Места у них оказались хорошие – шестнадцатый ряд партера в центре. С потолка стекали невесомые струйки прохлады.
– Вот он – рай на земле. Главное, чтоб не выше двадцати по Цельсию, – заявил Мышкин.
Он посмотрел на часы. Еще пятнадцать минут.
– Мне надо на секунду отлучиться. Повидать приятеля. Он здесь главным художником-осветителем. Зовут Женя Мамонов.
– Так важно? Именно сейчас?
– Именно сейчас. Служебная необходимость.Едва он переступил порог осветительской, как Мамонов, даже не поздоровавшись, зыркнул на него и отрывисто спросил:
– Контрамарку? Одну, две? Только живо!
– Я уже здесь, не нужна контрамарка, спасибо. Здравствуй, Женя.
– Привет. Ну, садись, посиди, – сказал он, прилаживая к фонарям цветные фильтры. – А лучше бы шел себе. Ты не вовремя! Зайди после концерта.
– Не могу, я с дамой.
– Тогда зачем притащился?
– Просьба.
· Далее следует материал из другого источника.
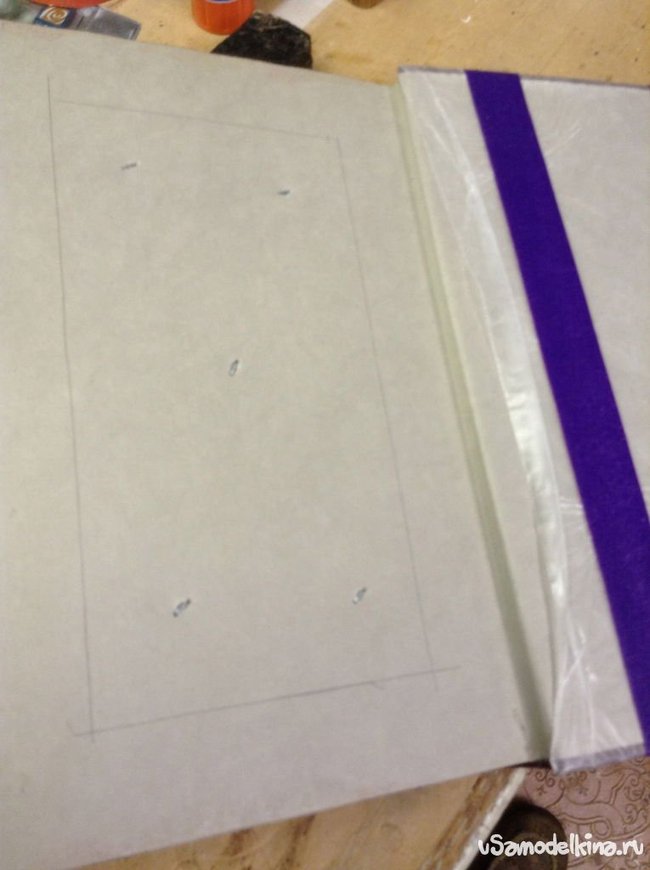 Перед тем, как взять руки пилу, определитесь с формой выемки под iPad. Это может быть любая дизайнерская задумка, но я просто решил сделать парочку бортов по бокам выемки для фиксации планшета внутри. Если вы также планируете такое решение, лучше прорисовать эти борта сейчас, пока книга еще цельная.

Маленькая. Совсем крохотная. После концерта проводи меня к ним. За кулисы.
– Тебе-то зачем? – обернулся Мамонов. – Насколько помню, ты даже испанского не знаешь.
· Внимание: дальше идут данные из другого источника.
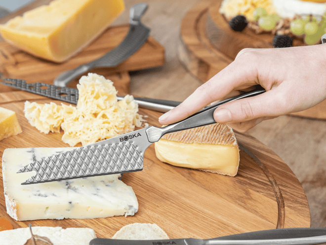 We moeten eerlijk toegeven; een hoop van onze werknemers wisten – voordat ze bij BOSKA kwamen werken – ook niet waarom er verschillende kaasmessen bij een kaasplankje lagen. “Want elke kaas kun je toch gewoon met een mes uit je besteklade snijden?” Nee, zeker niet! Al die verschillende kaasmessen hebben daadwerkelijk een functie. Wat dit is, zullen we in deze blog aan je uitleggen. Dan weet je de volgende keer dat je je familie en vrienden met een kaasplankje verrast, precies welke messen hierbij horen.

– Они обе знают английский, говорить могут. Познакомишь?
– Чтоб потом хвастаться перед бабами?
– Зачем потом? – обиделся Мышкин. – Мне именно сейчас похвастаться надо. Организовать маленький приятный шокинг.
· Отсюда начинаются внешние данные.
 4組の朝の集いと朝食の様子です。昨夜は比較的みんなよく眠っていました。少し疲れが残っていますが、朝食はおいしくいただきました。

– Черт с тобой! – засмеялся Мамонов. – Умеешь ты за женщинами ухаживать, даже завидно… Хорошо. Их русский импресарио – мой приятель. Подойдешь сюда сразу, как начнут опускать занавес. Сразу, немедленно, понял?
– Сквозь толпу сразу не пробиться, – озабоченно сказал Мышкин.
– Пробьешься. Они на комплимент буду выходить раз пять, не меньше, потом бис. А что у тебя на башке? Теперь такой пирсинг носят?
– Никакой это не пирсинг! – обиделся Мышкин.
– Тогда что?
– Экспериментальный комплект микроантенн. Реагируют исключительно на ультра-микрокороткие электромагнитные волны и световые корпускулы. Весь космос ими забит. А никто не знает.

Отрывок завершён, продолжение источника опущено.